Assignment: Among the lines below, restate word for word only those from the line with "Mosaik im Vorraum" through the line with "Влейте пару половников", with both end lines kept.

Information given:
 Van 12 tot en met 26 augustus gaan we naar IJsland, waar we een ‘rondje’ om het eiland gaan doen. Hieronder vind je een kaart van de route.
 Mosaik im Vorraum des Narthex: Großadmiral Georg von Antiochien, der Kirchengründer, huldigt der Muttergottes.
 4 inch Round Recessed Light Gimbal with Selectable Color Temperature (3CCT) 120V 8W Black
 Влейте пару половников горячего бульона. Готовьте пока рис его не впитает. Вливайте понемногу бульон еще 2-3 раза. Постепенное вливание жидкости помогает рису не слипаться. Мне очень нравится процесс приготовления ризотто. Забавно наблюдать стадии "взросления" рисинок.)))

==

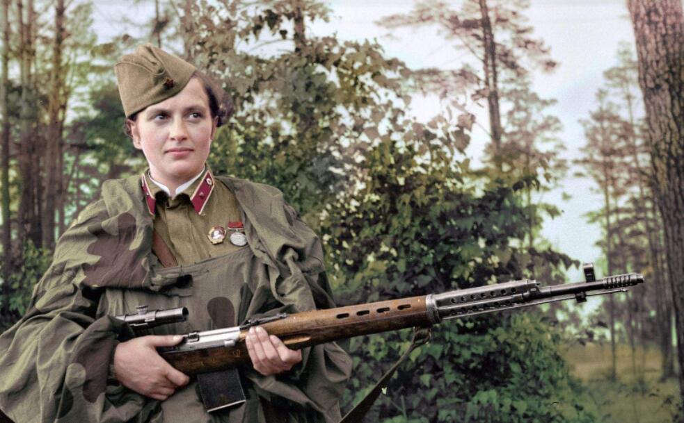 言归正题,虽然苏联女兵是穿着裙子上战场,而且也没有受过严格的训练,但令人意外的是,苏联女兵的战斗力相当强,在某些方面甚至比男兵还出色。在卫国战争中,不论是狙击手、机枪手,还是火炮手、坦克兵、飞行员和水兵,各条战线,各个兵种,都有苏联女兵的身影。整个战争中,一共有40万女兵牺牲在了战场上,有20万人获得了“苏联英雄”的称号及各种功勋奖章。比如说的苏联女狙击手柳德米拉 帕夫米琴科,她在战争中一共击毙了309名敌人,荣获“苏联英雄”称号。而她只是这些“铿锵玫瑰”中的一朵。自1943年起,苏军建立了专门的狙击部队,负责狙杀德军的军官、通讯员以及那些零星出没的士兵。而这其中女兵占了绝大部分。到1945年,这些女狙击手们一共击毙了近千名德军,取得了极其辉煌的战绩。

Written solution:
 Mosaik im Vorraum des Narthex: Großadmiral Georg von Antiochien, der Kirchengründer, huldigt der Muttergottes.
 4 inch Round Recessed Light Gimbal with Selectable Color Temperature (3CCT) 120V 8W Black
 Влейте пару половников горячего бульона. Готовьте пока рис его не впитает. Вливайте понемногу бульон еще 2-3 раза. Постепенное вливание жидкости помогает рису не слипаться. Мне очень нравится процесс приготовления ризотто. Забавно наблюдать стадии "взросления" рисинок.)))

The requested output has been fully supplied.